Before running ads, Instagram and Facebook review them. If they think something’s wrong, they can ban these ads, as well as the accounts publishing them — sometimes forever.
Once at least one ad is blocked, the moderators of these platforms will start to pay closer attention to its advertiser. The ad approval will take longer, suspensions may happen more often, and even normal promo posts may not make it through.
What’s good for Netflix may be bad for Facebook
Forbidding nudity, sexually provocative pictures, and any other content that focuses on physical pleasures sounds like a no-brainer for platforms like Facebook. But at the same time, it means SexTech startups and companies selling dame products can’t advertise there — the platform won’t let their ads through.
Content depicting child or adult exploitation, bullying, harassment or violence will be banned too. Even a picture of a child in a baby food ad can be perceived by Meta as sensitive content.
Meta also bans ads that include sensational content aiming to shock, scare or disgust; graphic violence, torture and firearms (hi, Netflix!). That’s why advertisers must tread carefully trying to spice up their ads. What is common in a movie may be blocked by Meta.

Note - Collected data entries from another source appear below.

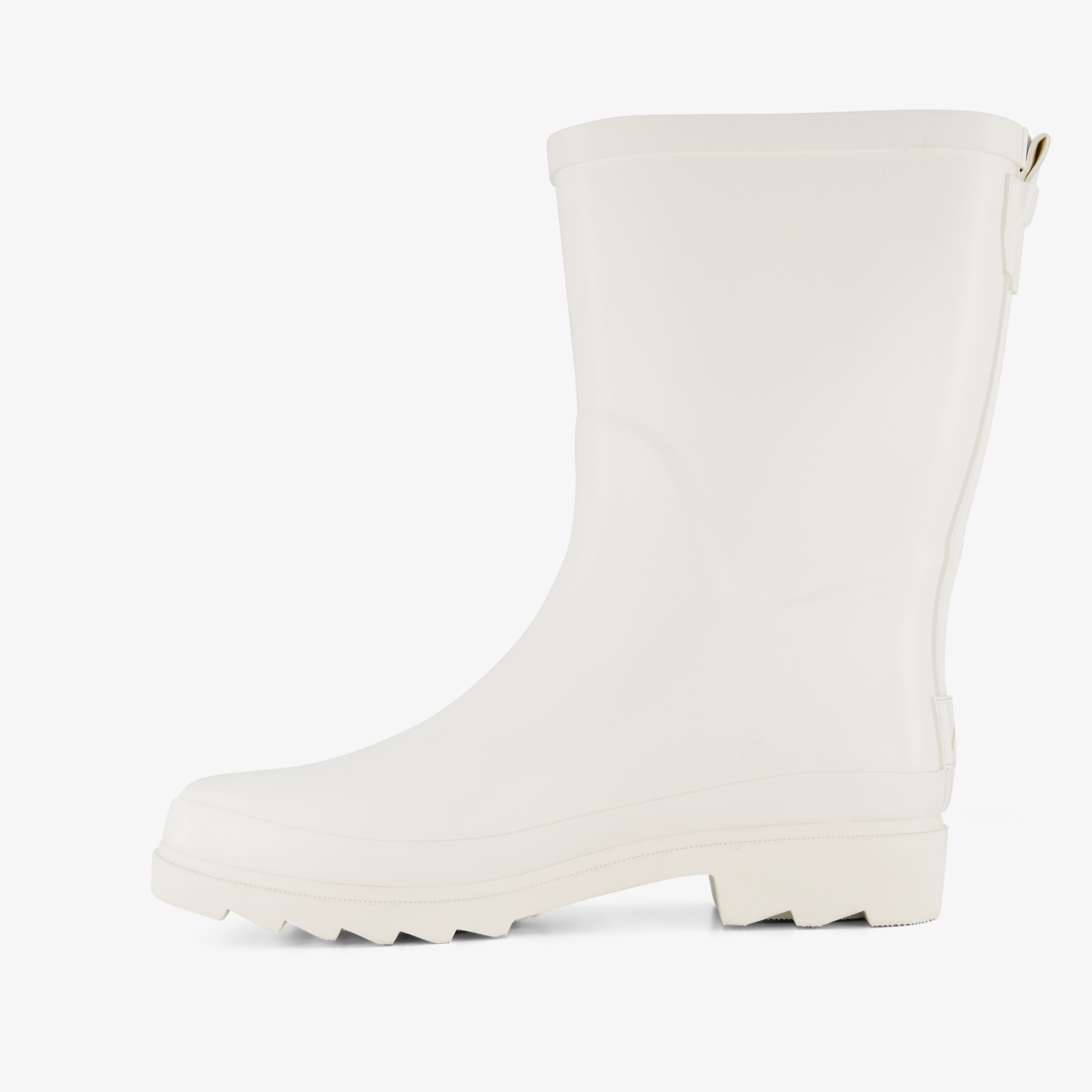 Witte regenlaarzen voor dames van Mountain Peak. Deze stijlvolle regenlaarsjes zijn voorzien van een decoratieve gesp aan de bovenzijde. Gemaakt van rubber met een binnenwerk van textiel en een rubberen zool.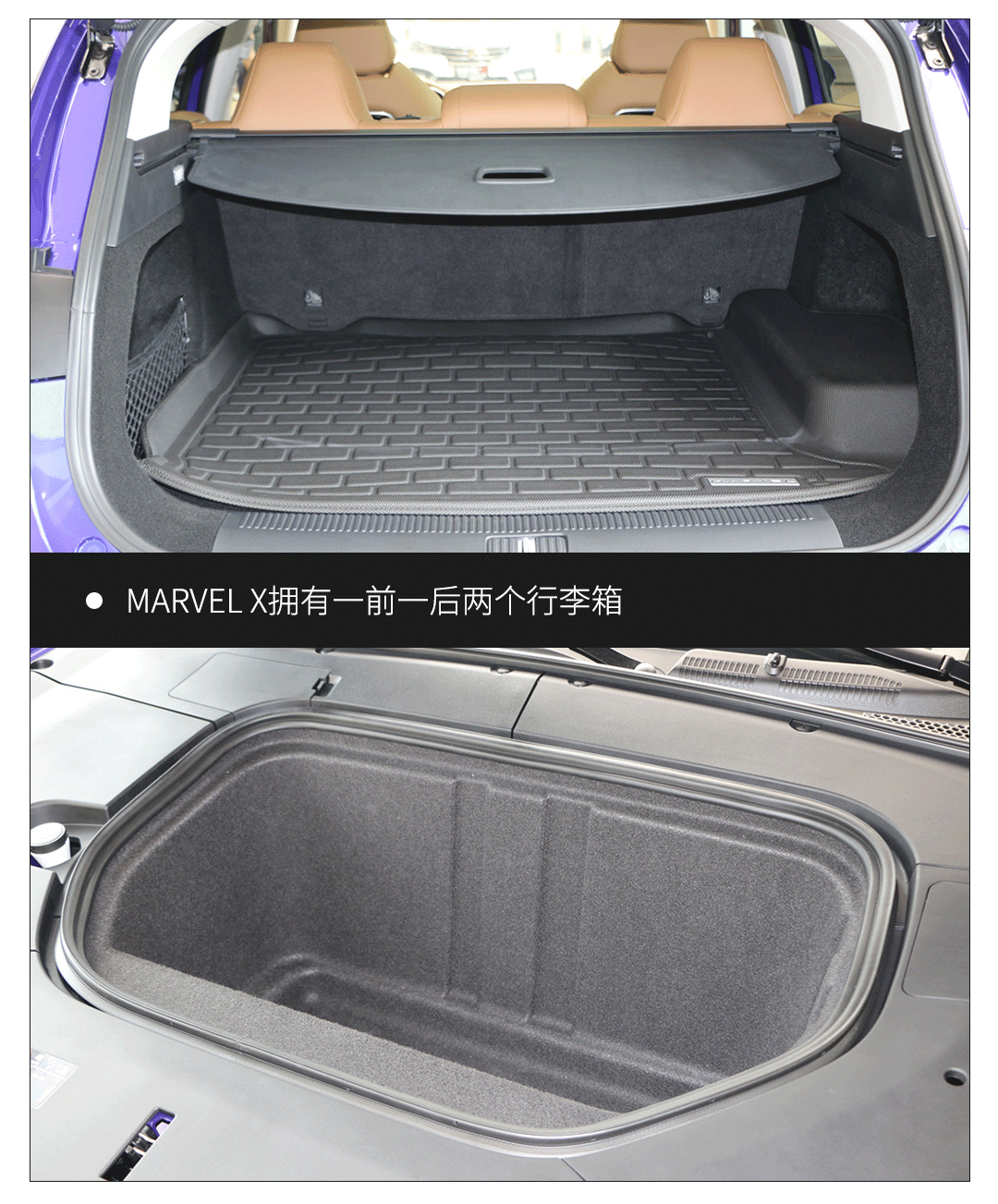 由于电机分别位于前后桥上,因此传统燃油车发动机舱的位置在MARVEL X上就变成了一个容积巨大的前备箱,深度足以放下一个20寸行李箱。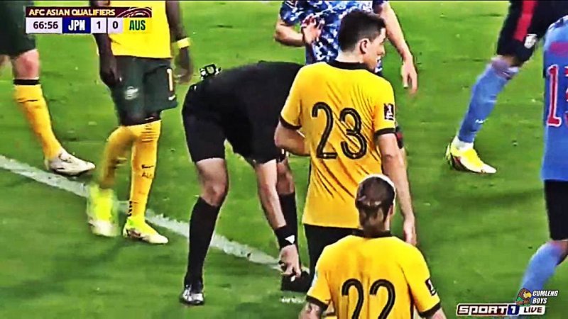در دقیقه 67 بازی آجدین هرستیچ در برخورد با مدافع حریف تعادل خود را در داخل محوطه جریمه ژاپن از دست داد تشخیص اولیه داور اعلام پنالتی به سود استرالیا بود. مارتین بویل از استرالیا پشت توپ ایستاد تا این ضربه پنالتی را بزند اما ناگهان داور اعلام کرد که تشخیص VAR خطا بیرون از محوطه رخ داده و پنالتی در کار نیست!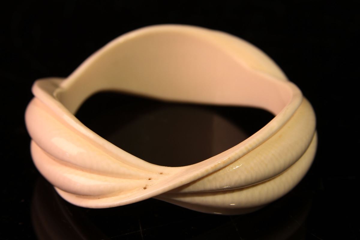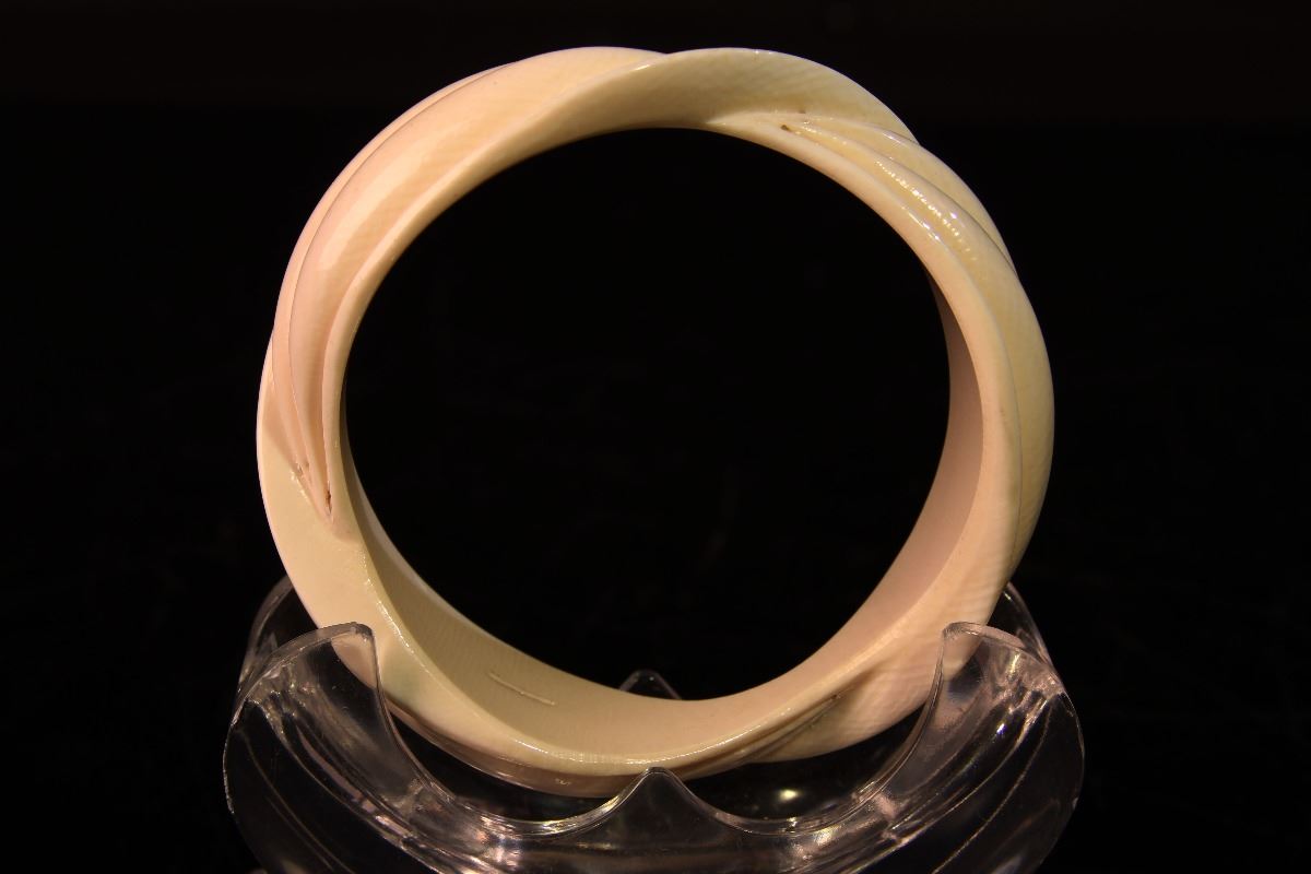 [CHINESE]A TWINE PATTERN IVORY BANGEL (38g) W:2.45" DISCLAIMER: This item is restricted from export out of the country due to protection under CITES (Convention on International Trade in Endangered Species). EXPORT IS AT THE BUYER'S RISK. Please note that bidders from the United States are not allowed to have ivory or rhino horn shipped into the country.象牙螺旋纹手镯 (38g)

Wrong links may spoil Meta’s mood
“Make $20,000 a month, lose 5% of your body weight in a week, and become a YouTube star!” Spam messages like these, as well as fake news and conspiracy theories, are flagged by Meta as misleading. Broken links also fall into that category.
Facebook and Instagram can block an ad if it promotes horseshoes, but its link sends the reader to a website selling cats’ hats.
Advice from Captain Obvious
No stolen content in ads.
But seriously! One of the most popular reasons for Meta to ban ads is copyright infringement. A screenshot from a movie or a celebrity picture used without their permission will send the ad to the ban list.
Ads with fictional Disney or Pixar characters will also be blocked (maybe along with the Facebook Ad Account that published it).
Advertisement got blocked?
Missteps happen. What should one do if the ad was blocked?
1. Review the ad and identify the policy violation.
2. Edit or delete it. Changing just one word or a little detail may help. But it’s better to delete the ad if there’s no certainty about how to edit it to avoid the ban.
3. Don’t run the rejected ad again.
If the ad fully complies with Meta policies and still got blocked by mistake, there’s a way to appeal via Appeal Button or Advertising Support Chat. One appeal per ad is enough.
For companies often running ads on Facebook and Instagram, it’s better to hire a separate specialist (or a team) who’d make sure ads are compliant with Meta policies. This will save time and money.
The story is based on a lecture given by Sofiia Shiliak, Сompliance Team Lead at Genesis.